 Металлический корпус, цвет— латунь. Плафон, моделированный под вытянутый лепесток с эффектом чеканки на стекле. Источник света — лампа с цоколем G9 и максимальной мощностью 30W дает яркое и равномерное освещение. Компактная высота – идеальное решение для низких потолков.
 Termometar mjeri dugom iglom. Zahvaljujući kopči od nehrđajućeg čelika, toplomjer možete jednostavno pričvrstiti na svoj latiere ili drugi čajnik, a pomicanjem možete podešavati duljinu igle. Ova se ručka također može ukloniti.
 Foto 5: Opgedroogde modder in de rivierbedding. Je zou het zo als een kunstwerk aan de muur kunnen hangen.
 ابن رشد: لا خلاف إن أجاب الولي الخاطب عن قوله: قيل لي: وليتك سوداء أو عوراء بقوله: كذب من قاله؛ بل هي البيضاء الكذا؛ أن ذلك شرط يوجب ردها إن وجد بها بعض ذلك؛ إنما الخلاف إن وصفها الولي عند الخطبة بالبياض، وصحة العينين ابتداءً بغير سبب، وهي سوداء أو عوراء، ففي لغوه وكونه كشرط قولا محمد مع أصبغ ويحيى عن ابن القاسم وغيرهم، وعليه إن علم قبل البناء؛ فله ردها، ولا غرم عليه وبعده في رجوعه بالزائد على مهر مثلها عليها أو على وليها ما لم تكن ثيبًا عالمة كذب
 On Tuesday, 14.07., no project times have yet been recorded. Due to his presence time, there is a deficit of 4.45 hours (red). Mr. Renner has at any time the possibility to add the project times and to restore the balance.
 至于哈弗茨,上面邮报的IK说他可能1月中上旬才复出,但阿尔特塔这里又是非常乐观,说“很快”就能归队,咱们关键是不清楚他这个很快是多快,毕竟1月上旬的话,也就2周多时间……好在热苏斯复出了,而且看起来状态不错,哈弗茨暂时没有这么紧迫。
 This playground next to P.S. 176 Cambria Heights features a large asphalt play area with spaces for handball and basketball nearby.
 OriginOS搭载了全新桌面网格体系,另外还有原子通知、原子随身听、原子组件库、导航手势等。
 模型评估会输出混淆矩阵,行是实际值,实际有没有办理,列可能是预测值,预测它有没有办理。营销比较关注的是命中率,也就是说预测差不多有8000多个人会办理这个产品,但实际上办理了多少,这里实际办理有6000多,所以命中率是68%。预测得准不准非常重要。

+ + +

### Problem details
All lines from the first line of the listing above through the line containing "On Tuesday, 14.07., no" are to be retyped exactly. Leave out any other line.

### Answer to the problem
 Металлический корпус, цвет— латунь. Плафон, моделированный под вытянутый лепесток с эффектом чеканки на стекле. Источник света — лампа с цоколем G9 и максимальной мощностью 30W дает яркое и равномерное освещение. Компактная высота – идеальное решение для низких потолков.
 Termometar mjeri dugom iglom. Zahvaljujući kopči od nehrđajućeg čelika, toplomjer možete jednostavno pričvrstiti na svoj latiere ili drugi čajnik, a pomicanjem možete podešavati duljinu igle. Ova se ručka također može ukloniti.
 Foto 5: Opgedroogde modder in de rivierbedding. Je zou het zo als een kunstwerk aan de muur kunnen hangen.
 ابن رشد: لا خلاف إن أجاب الولي الخاطب عن قوله: قيل لي: وليتك سوداء أو عوراء بقوله: كذب من قاله؛ بل هي البيضاء الكذا؛ أن ذلك شرط يوجب ردها إن وجد بها بعض ذلك؛ إنما الخلاف إن وصفها الولي عند الخطبة بالبياض، وصحة العينين ابتداءً بغير سبب، وهي سوداء أو عوراء، ففي لغوه وكونه كشرط قولا محمد مع أصبغ ويحيى عن ابن القاسم وغيرهم، وعليه إن علم قبل البناء؛ فله ردها، ولا غرم عليه وبعده في رجوعه بالزائد على مهر مثلها عليها أو على وليها ما لم تكن ثيبًا عالمة كذب
 On Tuesday, 14.07., no project times have yet been recorded. Due to his presence time, there is a deficit of 4.45 hours (red). Mr. Renner has at any time the possibility to add the project times and to restore the balance.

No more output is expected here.